Published on Apr 17, 2019 by Jamie Munro

I am a big proponent of storing calculated fields in the database opposed to calculating them each time they are displayed. They only change at specific times so you just need to cover those spots to calculate them. The danger with storing calculated fields is that concurrent calls have a chance incorrectly calculating the field. Languages such as C# offer the ability to lock objects to help with this. However, in a multi-server example, locking on a single server will not work. In this article I'm going to demonstrate how to use sp_getapplock to prevent race conditions.




An example of a calculated field is if you have an album of pictures, the count of pictures can be stored as a calculated field. It will only change when you add or delete a picture. To prevent a race condition we want to ensure only one picture is being added or deleted simultaneously. Enter the ability to lock at the database level using sp_getapplock.

My approach to preventing concurrent requests is as follows:


  1. At the start of the action acquire a lock.

  2. The lock is applied to a specific resource. In our example it can be the ID of the album.

  3. To make an error message more generic I'll provide some additional data to build a dynamic error message if the lock cannot be acquired.

  4. Any concurrent requests will also attempt to acquire a lock, if it fails an exception will be thrown preventing the action.
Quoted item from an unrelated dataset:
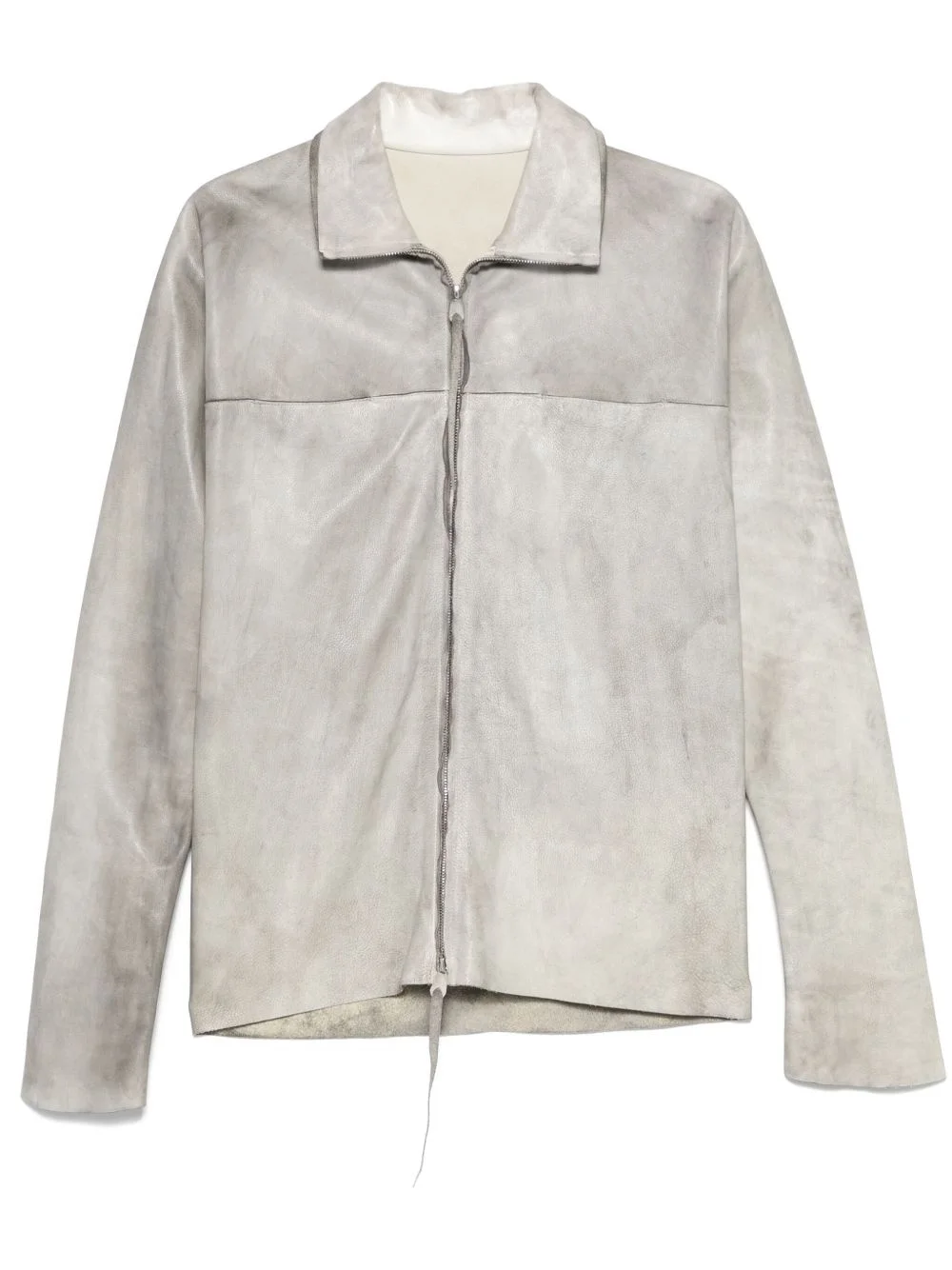 leather jacket Highlights - Grey - Front two-way zip fastening - Slit pockets at the chest - Suede lining - Spread collar Made in Italy Composition Calf Leather 100% SIZE & FIT Model measurements Height 6 ft 2 in(1.87 m) Bust/Chest 38.18 in(97 cm) Hips 36.61 in(93 cm) Waist 29.13 in(74 cm) FittingInformation Designed for a slim fit, offering a comfortable fit that sits just away from the body Soft leather has a supple and smooth construction offering some flexibility This piece fits small – take one size up

  5. When the action is completed and the calculated field has been updated, release the lock to allow future requests to process.




Setting up sp_getapplock



Below is a function that I have created called AcquireLock. It accepts two parameters: the name of the resource to lock and the action being performed, e.g. add or delete.
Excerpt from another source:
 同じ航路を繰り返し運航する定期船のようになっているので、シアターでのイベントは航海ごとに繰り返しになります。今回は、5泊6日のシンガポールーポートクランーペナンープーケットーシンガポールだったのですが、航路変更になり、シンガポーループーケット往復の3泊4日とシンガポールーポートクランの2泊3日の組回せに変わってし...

        public void AcquireLock(string resourceName, string action)
        {
            using (var cmd = Context.Database.Connection.CreateCommand())
            {
                cmd.CommandType = CommandType.StoredProcedure;
                cmd.CommandText = "sp_getapplock";
                cmd.Parameters.Add(new SqlParameter("Resource", resourceName));
                cmd.Parameters.Add(new SqlParameter("LockMode", "Exclusive"));
                cmd.Parameters.Add(new SqlParameter("LockOwner", "Session"));
                cmd.CommandTimeout = 5;

                try
                {
                    cmd.ExecuteNonQuery();
                }
                catch (Exception)
                {
                    throw new ConflictException(
                        string.Format(
                            "Unable to perform {0}.  Too many concurrent processes are attempting to access {1}", action,
                            resourceName));
                }
            }
        }


In my code, I'm using Entity Framework with a database context called Context. I use this object to access my database. If you are not using EF then you would open your database connection as normal.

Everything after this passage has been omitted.